● Problem description: Copy out the data below from the line containing "Дизайнерски кожен кейс" to the line containing "Auch die Posen", both lines included, with all images left out.

● Material shown:
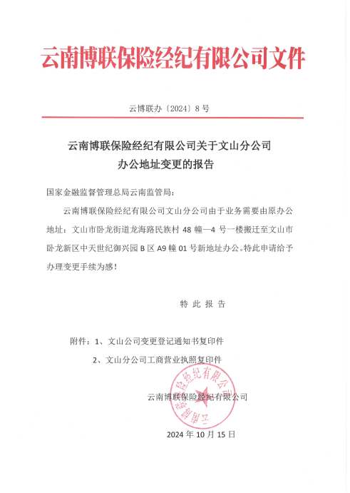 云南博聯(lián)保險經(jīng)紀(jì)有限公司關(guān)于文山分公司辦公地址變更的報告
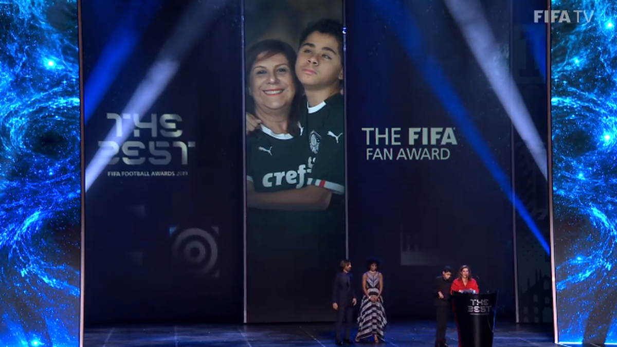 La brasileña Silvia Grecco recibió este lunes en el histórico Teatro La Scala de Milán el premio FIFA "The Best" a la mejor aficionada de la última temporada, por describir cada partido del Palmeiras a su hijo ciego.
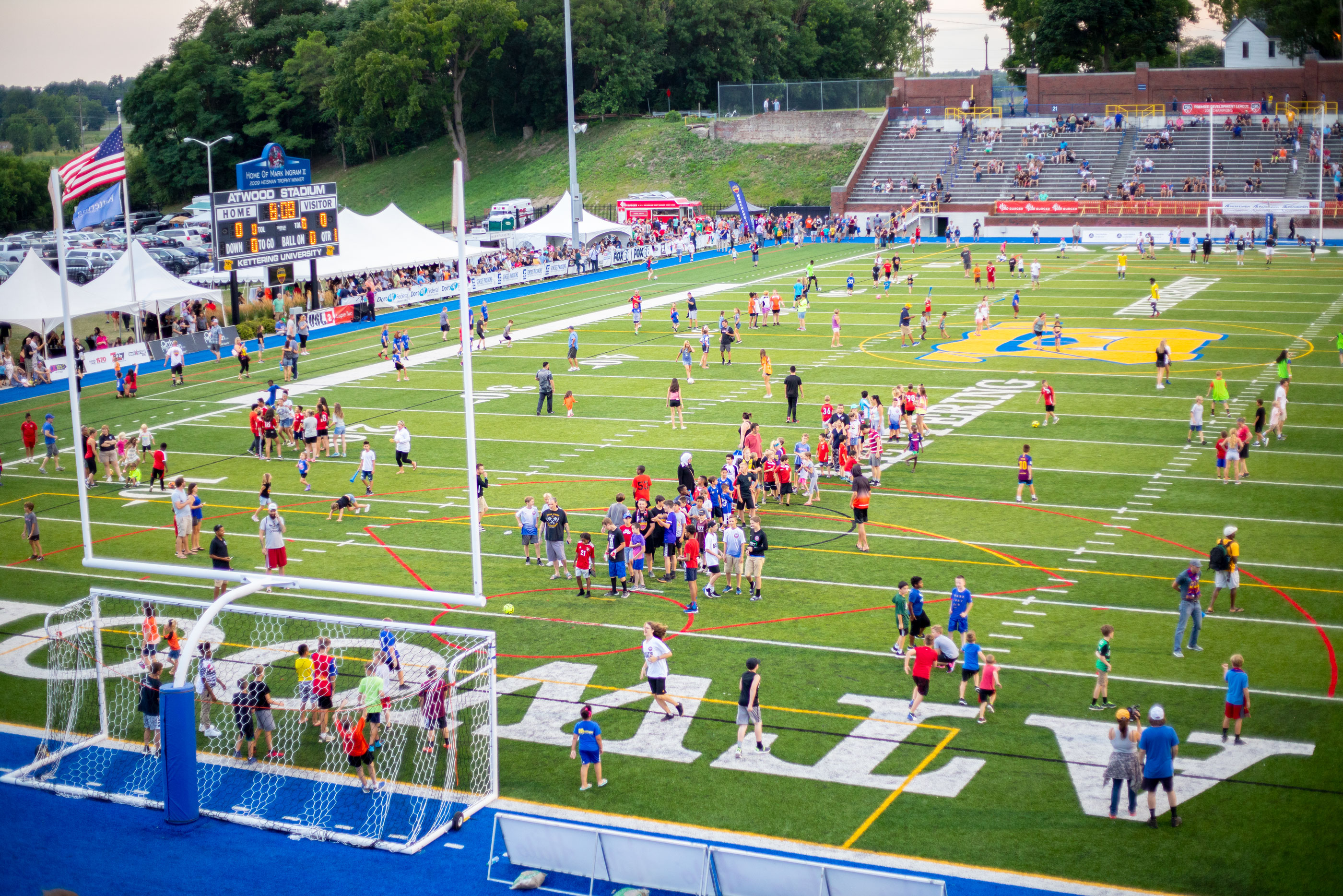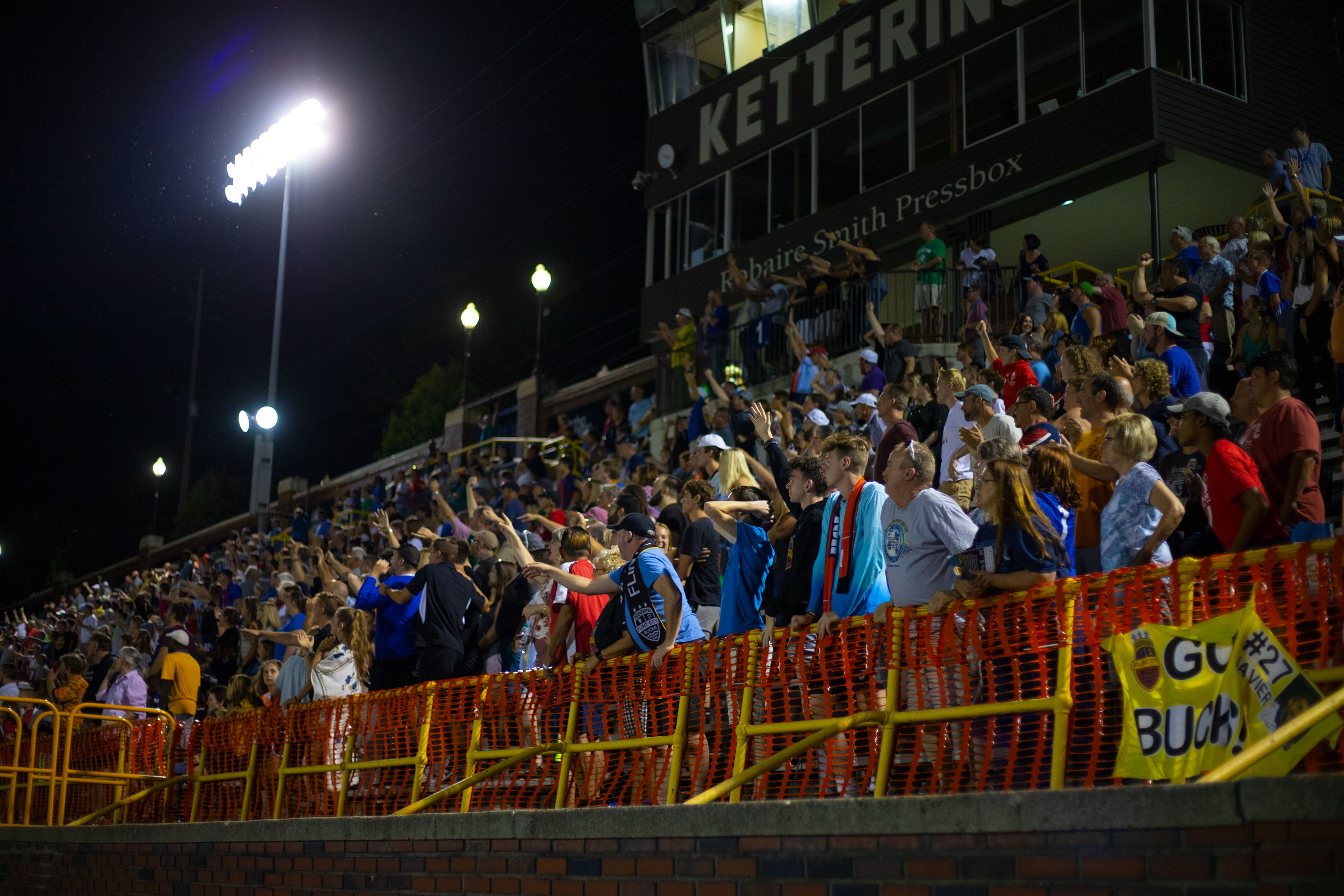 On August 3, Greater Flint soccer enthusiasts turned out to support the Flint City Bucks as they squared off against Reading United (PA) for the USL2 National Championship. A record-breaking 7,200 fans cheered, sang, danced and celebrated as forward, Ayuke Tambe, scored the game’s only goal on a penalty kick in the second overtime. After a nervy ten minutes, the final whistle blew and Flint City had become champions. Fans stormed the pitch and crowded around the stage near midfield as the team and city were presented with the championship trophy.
...
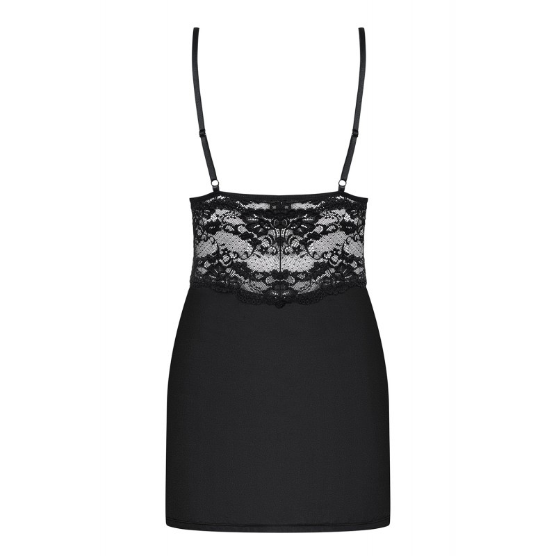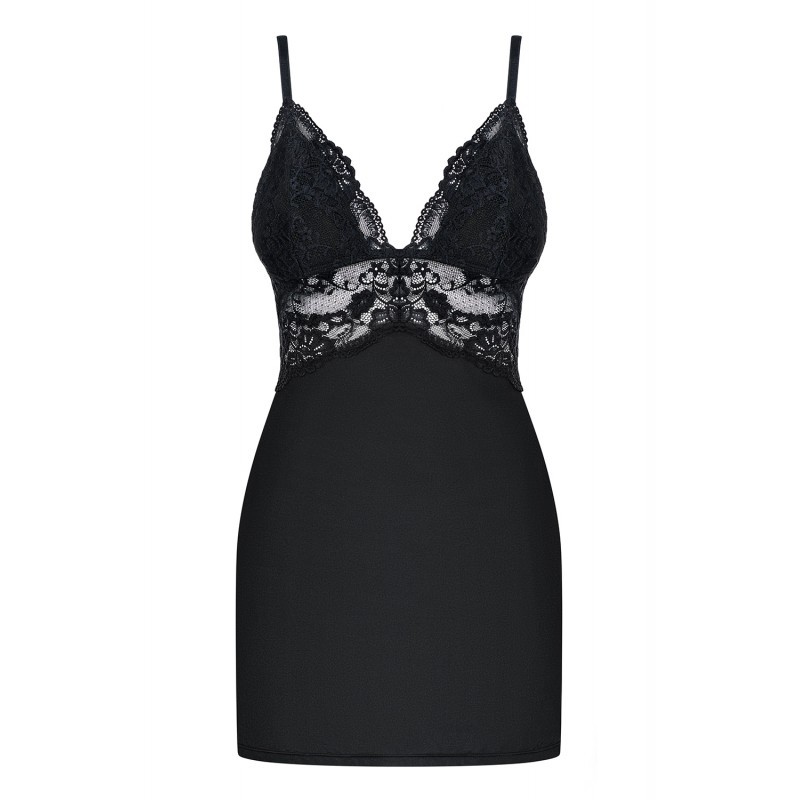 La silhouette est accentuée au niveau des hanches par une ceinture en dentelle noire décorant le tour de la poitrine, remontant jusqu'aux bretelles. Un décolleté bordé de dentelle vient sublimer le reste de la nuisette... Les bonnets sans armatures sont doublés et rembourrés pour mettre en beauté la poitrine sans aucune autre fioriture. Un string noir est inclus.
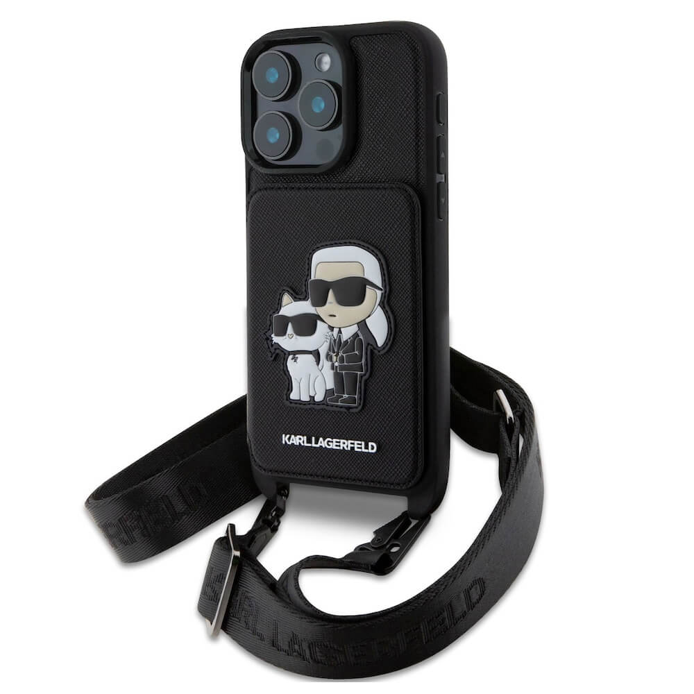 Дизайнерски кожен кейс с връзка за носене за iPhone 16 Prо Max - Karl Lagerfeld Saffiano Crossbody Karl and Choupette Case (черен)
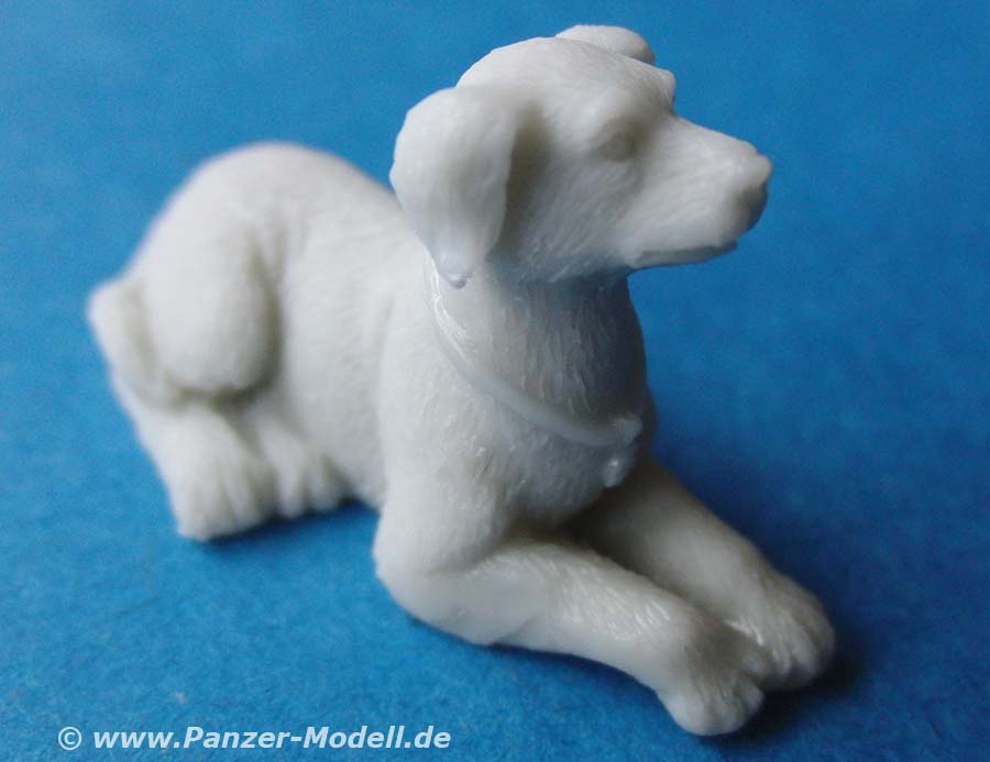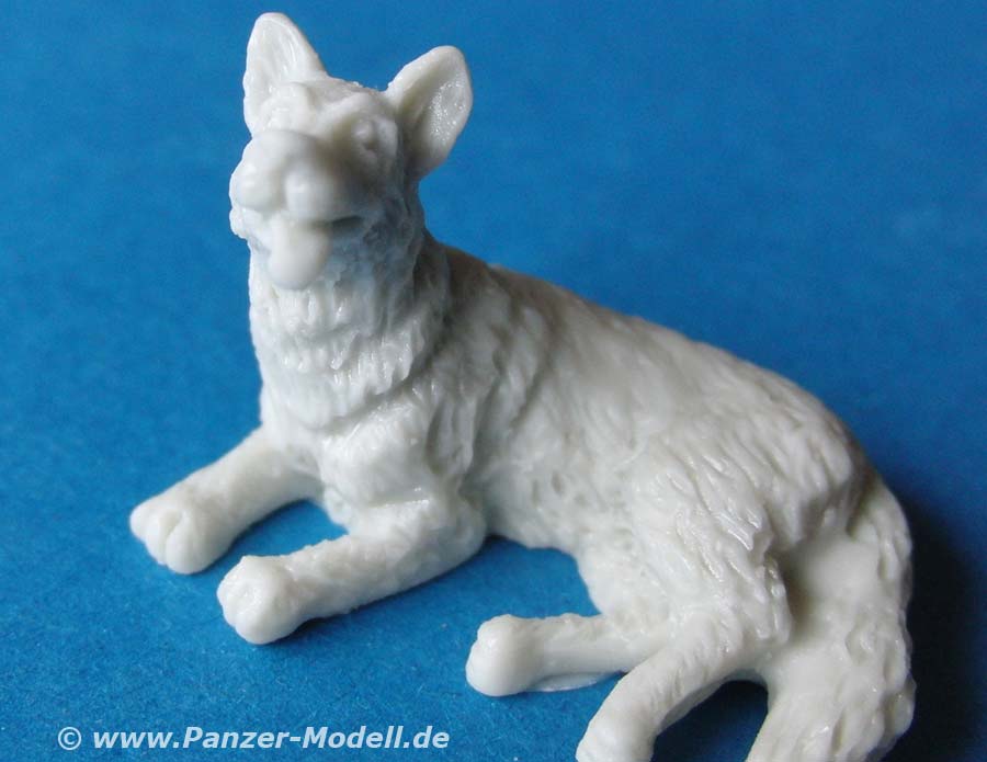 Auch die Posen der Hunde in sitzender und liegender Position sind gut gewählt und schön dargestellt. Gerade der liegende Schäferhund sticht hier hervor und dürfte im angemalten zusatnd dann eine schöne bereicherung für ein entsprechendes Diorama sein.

● Output:
 Дизайнерски кожен кейс с връзка за носене за iPhone 16 Prо Max - Karl Lagerfeld Saffiano Crossbody Karl and Choupette Case (черен)
 Auch die Posen der Hunde in sitzender und liegender Position sind gut gewählt und schön dargestellt. Gerade der liegende Schäferhund sticht hier hervor und dürfte im angemalten zusatnd dann eine schöne bereicherung für ein entsprechendes Diorama sein.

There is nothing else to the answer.